Unlike Xcel, which sells win energy generated from its wind farms directly to customers, Renewable Choice is a wind energy marketer. It buys green tags or green certificates from wind farms and then sells the certificates to its clients. One certificate equals 1000 kW of wind energy. Other U.S. green tag marketers include Native Energy (Burlinton, VT)., Community Energy (Wayne, PA.), Bonneville Environmental Foundation (Portland, OR) and Sterling Planet (Atlanta, GA).

Even though the number of customers using Xcel’s Windsource energy dwarfs those that have signed on for Renewable Choice’s American Wind product, the company is holding its own and is profitable, says Quayle Hodek, president. The company has about 5000 residential and 80 business customers. At the end of 2002, Xcel Windsource had about 25,000 residential and 400 business customers in Colorado.

Renewable Choice scored a coup earlier this year when, together with the Bonneville Environmental Foundation, it landed White Wave soy products, based in Boulder, as a customer. White Wave agreed to a three-year commitment to buy 20 million kW of wind energy hours per year. It’s the largest U.S. corporation to be powered solely by wind energy.

How Renewable Choice Got Started
When 25-year old Hodek moved to Colorado three years ago, his goal was not to play David to Xcel’s Goliath. He and two of his friends from Chapel Hill, NC. already founded one business: Zoom Culture, a media company for young people. They moved to the Boulder-Longmont area with the idea of starting another business, not knowing exactly what kind of business.

Then Hodek heard about Windsource and saw an opportunity. He did some research and found that 98-99% of Coloradans don’t use wind power, but that about 30% would be willing to try it. Windsource was launched in April 1998 and has grown 30% a year, according to Steve Roalstad, an Xcel spokesperson. Still, less than 2% of Xcel’s 1.3 million customers have signed up for Windsource. “There’s a huge, unfilled demand,” Hodek says, who liked the idea of a private enterprise selling renewable energy. “I realized that someone other than the utility company, which is an oil and gas company, should be selling wind energy.”

Backed by $350,000 from investors, Hodel and his friends – Kris Lotlikar and Shea Gunther – started Renewable Choice in September 2001. The company has 12 other employees.

Marketing Door-To-Door
AWEA’s Belyew says that one reason why there are so few wind marketers in the U.S. is because selling it is difficult.”To get people interested, there has to be a pretty strong force,” he explains. “A company has to market a lot, and has to market to a customer who is willing to pay a premium to get this industry on its feet.”

Hodek says wind energy costs about 2.5 cents more per kilowatt in the U.S. than electricity generated by coal or natural gas.

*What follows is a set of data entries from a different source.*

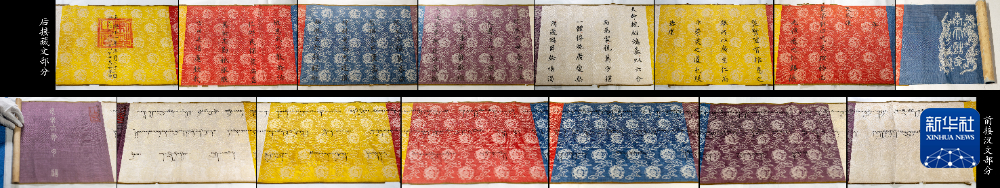 平展开的《永乐十一年封斡喃渴烈思巴为辅教王诰书》(5月20日摄,拼版照片)。新华社记者李贺 摄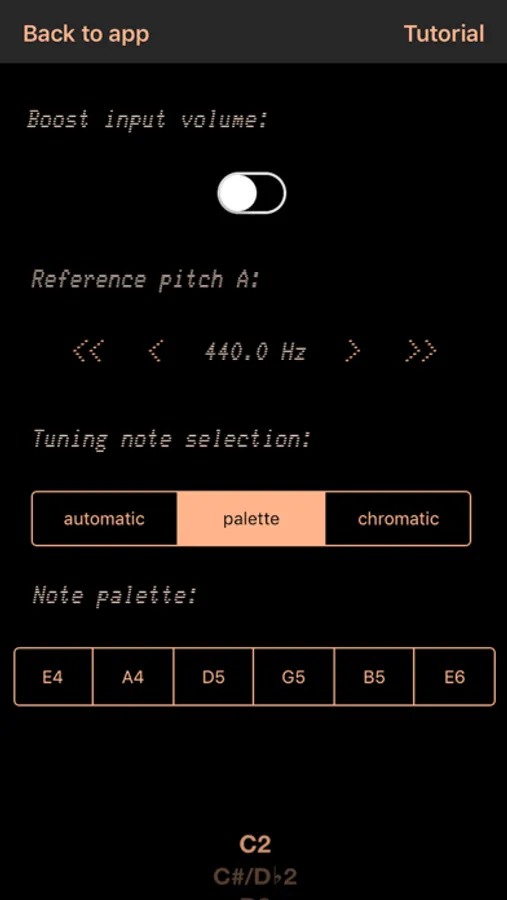When you manually select the tuning note, as opposed to letting the app detect it automatically, Helix Tuner is extremely resistant to background noise and higher string harmonics that confuse other tuners, causing them to jump around to higher notes and give wrong tuning information. Because the visualization system naturally responds more clearly to sounds near the selected tuning pitch, it is useful even when other musicians are playing nearby.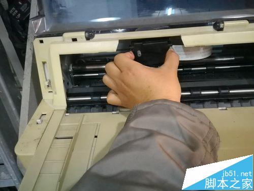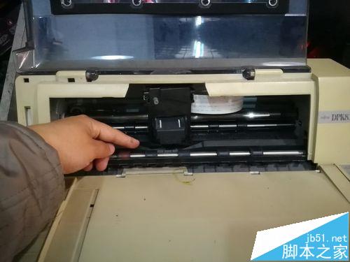 1、把DPK8300E/DPK8300E+的色帶架從打印機里拿出來。把打印頭撥到中間有個缺口那,壓住色帶架上的兩個小耳朵就可以把色帶架拿下來了。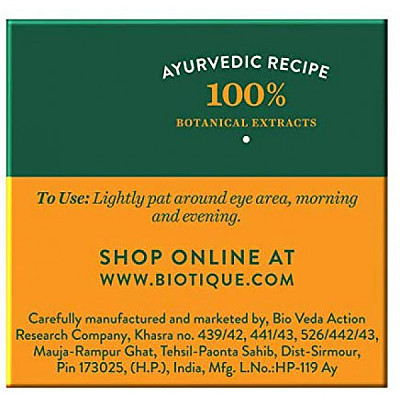 Biotique's Almond Under Eye Cream is a light nourishing cream that helps to protect delicate skin around the eyes. Contains Oils of Nutmeg, Almond, Sunflower and Quince Seed Gel that increase the brightness and add sparkle to your eyes, while reducing puffiness dark circles and fine lines around the eye.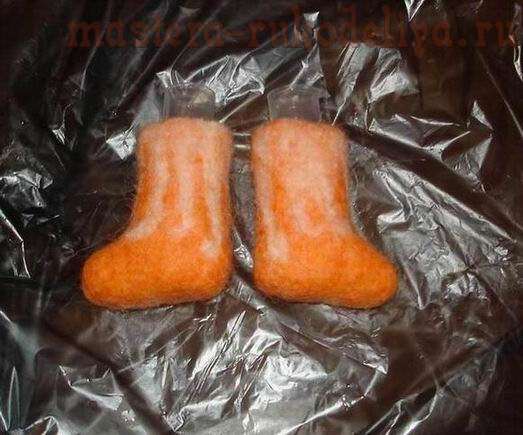 На этом этапе засовываем указательные пальцы обоих рук внутрь валенок, смачиваем мыльным раствором заготовку и продолжаем тереть валенки об пленку. Придаем изделию желаемую форму. Разравниваем все сгибы, расправляем заломы, если они образовались. Трем достаточно интенсивно. Периодически проверяем, чтобы валенки были одинаковыми. Валяйте до того момента пока валенки не уменьшатся на четверть по сравнению с шаблоном.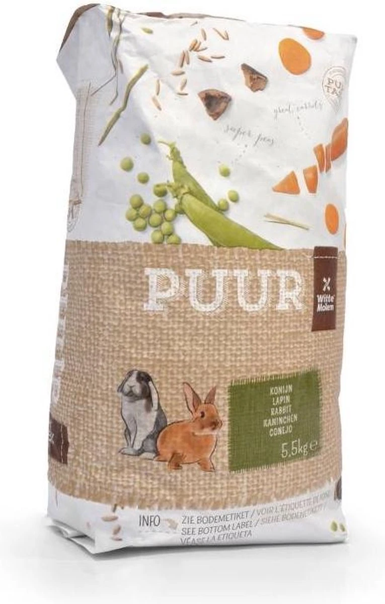 Puur Konijn van Witte Molen is een volledige voeding voor uw (dwerg)konijn zonder kunstmatige kleurstoffen en bewaarmiddelen. Het bevat onder andere wortel, timothy, selder, oregano en komkommer. De evenwichtige vezelrijke samenstelling, toegevoegde vitamines en sporenelementen zorgen voor extra vitaliteit. De ruwe ongemalen vezels en prebiotica dragen bij tot een gezond gebit en spijsvertering.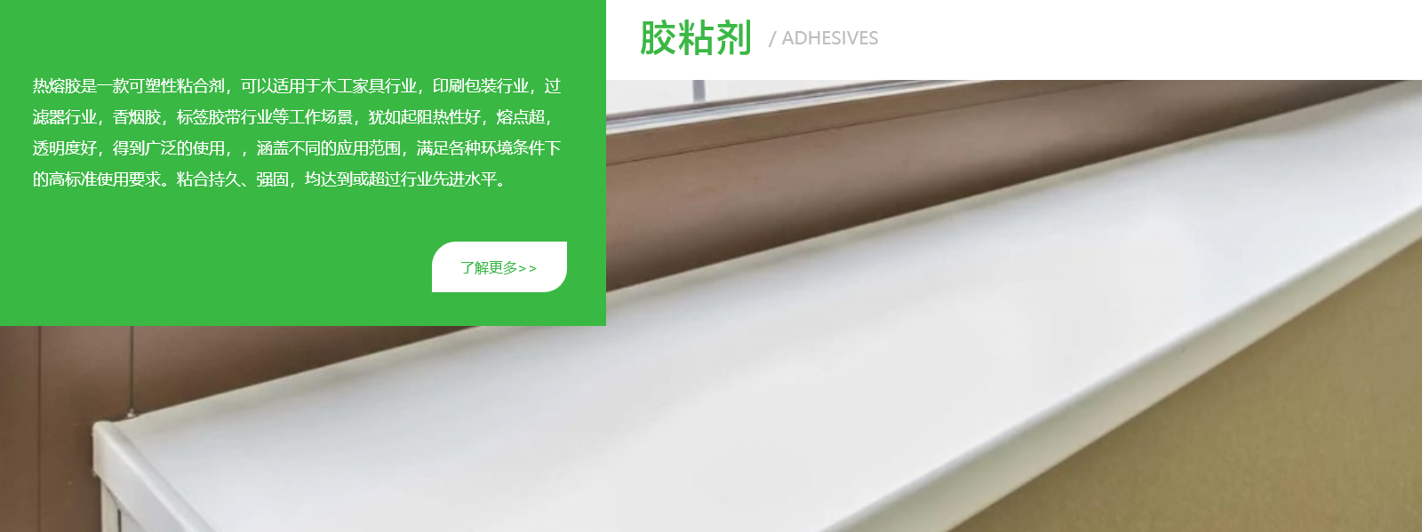 木(mù)工(gōng)膠粘劑作(zuò)為(wèi)粘≈δ&₽合、固化(huà)各種基材必不(bù)可(kě)少(<"<shǎo)的(de)配套産品,在家(jiā)居行(xíng)↔→α£業(yè)中廣泛應用(yòng),深刻影(yǐng)響著(zhe)家(jiβ•↓ā)居産品的(de)品質穩定性、環保性,成為(wèi)家(jiā♥÷↕≈)居産品中“看(kàn)不(bù)見(jiàn)”σ↔的(de)關鍵因素。

He admits that explaining to customers how wind energy is generated, why they should buy it and why they should pay extra to use it, is difficult. “Our biggest challenge is customer education, so we use a one-on-one approach,” he says. “A lot of companies rely on sending out mass-market mailers, but we look at ourselves as almost ground troops getting out the word about wind power. We rolled out an extensive grassroots education and marketing campaign.” The personalized approach pays off, he adds, with 30-35% of residential customers contacted signing up for American Wind.

Renewable Choice relies on old-fashioned, door-to-door sales. It has nine commission-only salespeople who work in metro Denver, Boulder and Rhode Island. The sales force, made up mostly of college students, targets residences; the in-house staff goes after business clients. “We’ve been excited to see a great response from educational institutions” such as Duke University and the University of Denver Law School, which signed up this year.